_Your assignment_.
Here the job is to return only the lines of the material, exactly, from the first one to the line with "また、忍者codeは独学プラン以外は全てデイトラの受講料よりも高額となります。".
Start of Block
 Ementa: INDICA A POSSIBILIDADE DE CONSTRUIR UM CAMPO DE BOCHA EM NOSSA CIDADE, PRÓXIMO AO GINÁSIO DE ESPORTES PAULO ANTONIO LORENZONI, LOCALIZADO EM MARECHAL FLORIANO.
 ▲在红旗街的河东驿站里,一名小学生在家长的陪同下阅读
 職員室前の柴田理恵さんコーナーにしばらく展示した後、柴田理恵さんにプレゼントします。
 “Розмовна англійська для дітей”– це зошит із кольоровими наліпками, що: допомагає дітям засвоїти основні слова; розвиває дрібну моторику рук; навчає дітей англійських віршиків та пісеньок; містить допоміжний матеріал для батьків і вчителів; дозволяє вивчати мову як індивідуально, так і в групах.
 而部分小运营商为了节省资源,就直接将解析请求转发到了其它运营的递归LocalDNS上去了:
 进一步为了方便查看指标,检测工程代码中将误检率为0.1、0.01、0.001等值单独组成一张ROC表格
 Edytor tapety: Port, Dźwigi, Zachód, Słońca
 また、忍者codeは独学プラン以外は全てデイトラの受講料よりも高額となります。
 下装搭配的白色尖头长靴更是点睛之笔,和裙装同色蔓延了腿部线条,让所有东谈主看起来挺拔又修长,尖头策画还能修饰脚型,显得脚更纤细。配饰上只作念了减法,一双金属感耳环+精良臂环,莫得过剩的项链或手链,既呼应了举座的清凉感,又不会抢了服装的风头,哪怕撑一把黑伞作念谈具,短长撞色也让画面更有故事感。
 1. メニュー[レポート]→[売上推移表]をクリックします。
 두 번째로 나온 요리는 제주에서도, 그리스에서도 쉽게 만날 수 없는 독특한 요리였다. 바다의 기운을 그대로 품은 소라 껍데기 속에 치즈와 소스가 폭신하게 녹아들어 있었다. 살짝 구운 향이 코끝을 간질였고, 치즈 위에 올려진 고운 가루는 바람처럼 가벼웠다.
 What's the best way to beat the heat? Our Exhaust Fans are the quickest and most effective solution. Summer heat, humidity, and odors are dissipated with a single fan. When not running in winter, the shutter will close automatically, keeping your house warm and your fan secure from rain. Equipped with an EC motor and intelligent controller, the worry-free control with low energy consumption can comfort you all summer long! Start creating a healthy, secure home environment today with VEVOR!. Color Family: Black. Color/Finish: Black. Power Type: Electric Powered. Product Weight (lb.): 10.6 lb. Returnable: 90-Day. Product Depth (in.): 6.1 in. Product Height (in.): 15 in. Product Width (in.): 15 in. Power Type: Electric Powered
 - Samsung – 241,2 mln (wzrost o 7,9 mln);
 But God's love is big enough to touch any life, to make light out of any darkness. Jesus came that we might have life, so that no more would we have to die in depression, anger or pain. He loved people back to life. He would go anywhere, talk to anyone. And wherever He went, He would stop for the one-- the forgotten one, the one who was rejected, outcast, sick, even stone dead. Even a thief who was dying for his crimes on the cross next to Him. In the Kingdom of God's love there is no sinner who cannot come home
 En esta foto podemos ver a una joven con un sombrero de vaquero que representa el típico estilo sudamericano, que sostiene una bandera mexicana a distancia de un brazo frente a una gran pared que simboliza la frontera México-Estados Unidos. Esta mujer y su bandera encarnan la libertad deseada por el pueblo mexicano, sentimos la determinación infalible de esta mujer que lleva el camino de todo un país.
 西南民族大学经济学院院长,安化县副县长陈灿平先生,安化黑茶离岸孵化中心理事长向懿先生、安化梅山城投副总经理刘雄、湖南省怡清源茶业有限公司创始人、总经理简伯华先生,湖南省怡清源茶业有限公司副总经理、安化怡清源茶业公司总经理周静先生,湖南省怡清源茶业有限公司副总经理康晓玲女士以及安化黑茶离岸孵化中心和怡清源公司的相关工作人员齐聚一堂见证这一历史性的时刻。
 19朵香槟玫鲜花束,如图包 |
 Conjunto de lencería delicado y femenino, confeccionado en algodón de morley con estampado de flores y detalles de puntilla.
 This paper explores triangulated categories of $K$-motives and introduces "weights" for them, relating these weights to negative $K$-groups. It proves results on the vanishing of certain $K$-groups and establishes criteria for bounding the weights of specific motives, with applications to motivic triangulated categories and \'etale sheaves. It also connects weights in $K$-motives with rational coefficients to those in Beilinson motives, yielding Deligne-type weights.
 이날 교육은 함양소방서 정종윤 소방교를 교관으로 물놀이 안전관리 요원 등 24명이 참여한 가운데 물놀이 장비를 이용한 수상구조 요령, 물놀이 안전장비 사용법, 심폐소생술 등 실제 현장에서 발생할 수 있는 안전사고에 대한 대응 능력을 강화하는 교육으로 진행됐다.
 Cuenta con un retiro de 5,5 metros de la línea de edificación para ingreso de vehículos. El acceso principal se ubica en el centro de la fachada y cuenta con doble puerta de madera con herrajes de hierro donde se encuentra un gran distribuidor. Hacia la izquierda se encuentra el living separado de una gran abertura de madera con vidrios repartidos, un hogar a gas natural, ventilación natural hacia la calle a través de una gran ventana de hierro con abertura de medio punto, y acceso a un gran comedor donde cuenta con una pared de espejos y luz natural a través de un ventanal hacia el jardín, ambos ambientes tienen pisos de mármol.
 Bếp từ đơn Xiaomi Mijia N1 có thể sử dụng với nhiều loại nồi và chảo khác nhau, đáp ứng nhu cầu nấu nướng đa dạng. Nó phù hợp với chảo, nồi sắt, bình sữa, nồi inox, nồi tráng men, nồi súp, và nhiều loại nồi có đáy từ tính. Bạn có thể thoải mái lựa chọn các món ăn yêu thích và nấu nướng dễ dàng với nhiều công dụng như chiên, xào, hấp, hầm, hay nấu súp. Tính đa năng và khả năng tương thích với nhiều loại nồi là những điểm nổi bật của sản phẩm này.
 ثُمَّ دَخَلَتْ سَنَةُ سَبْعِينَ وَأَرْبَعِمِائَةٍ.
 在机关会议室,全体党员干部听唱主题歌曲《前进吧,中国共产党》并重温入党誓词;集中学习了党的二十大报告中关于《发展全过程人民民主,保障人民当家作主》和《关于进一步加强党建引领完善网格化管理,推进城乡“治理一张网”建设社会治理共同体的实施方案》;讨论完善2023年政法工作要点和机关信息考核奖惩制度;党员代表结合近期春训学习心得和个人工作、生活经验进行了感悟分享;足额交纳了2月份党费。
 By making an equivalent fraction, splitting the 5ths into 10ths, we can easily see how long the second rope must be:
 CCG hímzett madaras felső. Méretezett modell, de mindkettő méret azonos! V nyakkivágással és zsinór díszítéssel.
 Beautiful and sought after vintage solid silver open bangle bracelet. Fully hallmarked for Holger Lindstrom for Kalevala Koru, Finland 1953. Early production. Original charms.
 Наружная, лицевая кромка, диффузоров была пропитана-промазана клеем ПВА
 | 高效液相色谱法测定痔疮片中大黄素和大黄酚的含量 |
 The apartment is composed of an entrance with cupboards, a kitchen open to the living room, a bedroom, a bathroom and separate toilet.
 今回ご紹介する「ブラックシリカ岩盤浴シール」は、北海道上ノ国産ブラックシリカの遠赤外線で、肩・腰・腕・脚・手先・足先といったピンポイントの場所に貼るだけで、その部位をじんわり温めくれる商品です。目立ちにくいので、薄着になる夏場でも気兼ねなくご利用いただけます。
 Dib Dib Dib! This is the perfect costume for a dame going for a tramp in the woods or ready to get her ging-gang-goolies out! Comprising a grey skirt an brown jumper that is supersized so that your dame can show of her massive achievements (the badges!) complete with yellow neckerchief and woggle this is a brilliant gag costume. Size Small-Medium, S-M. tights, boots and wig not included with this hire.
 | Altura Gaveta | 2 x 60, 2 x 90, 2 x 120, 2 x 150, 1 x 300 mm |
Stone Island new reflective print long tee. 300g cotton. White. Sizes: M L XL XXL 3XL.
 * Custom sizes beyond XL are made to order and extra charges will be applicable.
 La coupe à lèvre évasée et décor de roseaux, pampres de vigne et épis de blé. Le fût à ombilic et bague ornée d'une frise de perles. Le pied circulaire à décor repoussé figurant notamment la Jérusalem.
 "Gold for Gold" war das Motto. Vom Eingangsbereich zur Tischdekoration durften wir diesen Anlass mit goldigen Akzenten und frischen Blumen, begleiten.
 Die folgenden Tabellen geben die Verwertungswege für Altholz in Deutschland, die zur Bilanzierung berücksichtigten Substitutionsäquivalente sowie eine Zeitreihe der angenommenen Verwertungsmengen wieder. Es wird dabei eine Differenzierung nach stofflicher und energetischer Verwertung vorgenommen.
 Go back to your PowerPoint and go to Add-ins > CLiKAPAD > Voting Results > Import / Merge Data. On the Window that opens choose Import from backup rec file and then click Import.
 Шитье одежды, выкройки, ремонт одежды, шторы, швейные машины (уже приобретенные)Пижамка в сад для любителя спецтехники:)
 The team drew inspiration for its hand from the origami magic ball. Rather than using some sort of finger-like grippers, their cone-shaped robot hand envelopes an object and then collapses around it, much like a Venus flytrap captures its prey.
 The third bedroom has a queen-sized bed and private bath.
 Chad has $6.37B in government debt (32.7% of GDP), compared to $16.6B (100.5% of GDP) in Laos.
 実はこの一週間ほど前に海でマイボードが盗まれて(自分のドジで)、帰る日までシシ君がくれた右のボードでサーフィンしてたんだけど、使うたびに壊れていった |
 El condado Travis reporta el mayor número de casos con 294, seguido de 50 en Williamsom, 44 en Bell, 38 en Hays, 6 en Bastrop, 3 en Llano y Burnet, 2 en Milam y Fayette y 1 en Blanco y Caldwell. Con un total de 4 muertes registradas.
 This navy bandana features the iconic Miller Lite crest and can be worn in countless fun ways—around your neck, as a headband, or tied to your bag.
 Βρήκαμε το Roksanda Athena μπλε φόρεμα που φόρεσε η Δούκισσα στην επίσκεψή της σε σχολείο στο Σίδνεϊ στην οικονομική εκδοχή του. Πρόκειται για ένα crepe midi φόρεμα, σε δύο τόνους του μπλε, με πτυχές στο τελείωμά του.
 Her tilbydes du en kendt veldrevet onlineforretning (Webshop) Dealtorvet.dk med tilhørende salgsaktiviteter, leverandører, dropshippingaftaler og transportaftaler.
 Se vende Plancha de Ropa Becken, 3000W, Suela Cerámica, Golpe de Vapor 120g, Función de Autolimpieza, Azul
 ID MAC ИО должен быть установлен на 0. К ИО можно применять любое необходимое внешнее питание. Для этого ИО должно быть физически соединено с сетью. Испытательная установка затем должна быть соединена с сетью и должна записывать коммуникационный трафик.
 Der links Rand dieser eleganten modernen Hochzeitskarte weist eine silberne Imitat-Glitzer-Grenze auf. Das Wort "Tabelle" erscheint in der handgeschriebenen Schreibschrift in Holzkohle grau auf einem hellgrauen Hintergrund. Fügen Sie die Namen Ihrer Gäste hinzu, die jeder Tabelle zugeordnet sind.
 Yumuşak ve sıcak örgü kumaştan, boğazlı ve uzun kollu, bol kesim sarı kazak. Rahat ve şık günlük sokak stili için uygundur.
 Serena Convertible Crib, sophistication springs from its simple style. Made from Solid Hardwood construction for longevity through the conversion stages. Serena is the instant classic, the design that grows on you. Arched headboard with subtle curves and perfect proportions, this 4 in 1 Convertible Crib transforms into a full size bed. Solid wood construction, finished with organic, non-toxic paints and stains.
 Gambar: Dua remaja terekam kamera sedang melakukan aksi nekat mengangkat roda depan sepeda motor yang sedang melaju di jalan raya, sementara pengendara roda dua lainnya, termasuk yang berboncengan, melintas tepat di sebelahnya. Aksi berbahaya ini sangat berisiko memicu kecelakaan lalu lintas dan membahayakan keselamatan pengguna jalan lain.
End of Block
_Exercise output_.
 Ementa: INDICA A POSSIBILIDADE DE CONSTRUIR UM CAMPO DE BOCHA EM NOSSA CIDADE, PRÓXIMO AO GINÁSIO DE ESPORTES PAULO ANTONIO LORENZONI, LOCALIZADO EM MARECHAL FLORIANO.
 ▲在红旗街的河东驿站里,一名小学生在家长的陪同下阅读
 職員室前の柴田理恵さんコーナーにしばらく展示した後、柴田理恵さんにプレゼントします。
 “Розмовна англійська для дітей”– це зошит із кольоровими наліпками, що: допомагає дітям засвоїти основні слова; розвиває дрібну моторику рук; навчає дітей англійських віршиків та пісеньок; містить допоміжний матеріал для батьків і вчителів; дозволяє вивчати мову як індивідуально, так і в групах.
 而部分小运营商为了节省资源,就直接将解析请求转发到了其它运营的递归LocalDNS上去了:
 进一步为了方便查看指标,检测工程代码中将误检率为0.1、0.01、0.001等值单独组成一张ROC表格
 Edytor tapety: Port, Dźwigi, Zachód, Słońca
 また、忍者codeは独学プラン以外は全てデイトラの受講料よりも高額となります。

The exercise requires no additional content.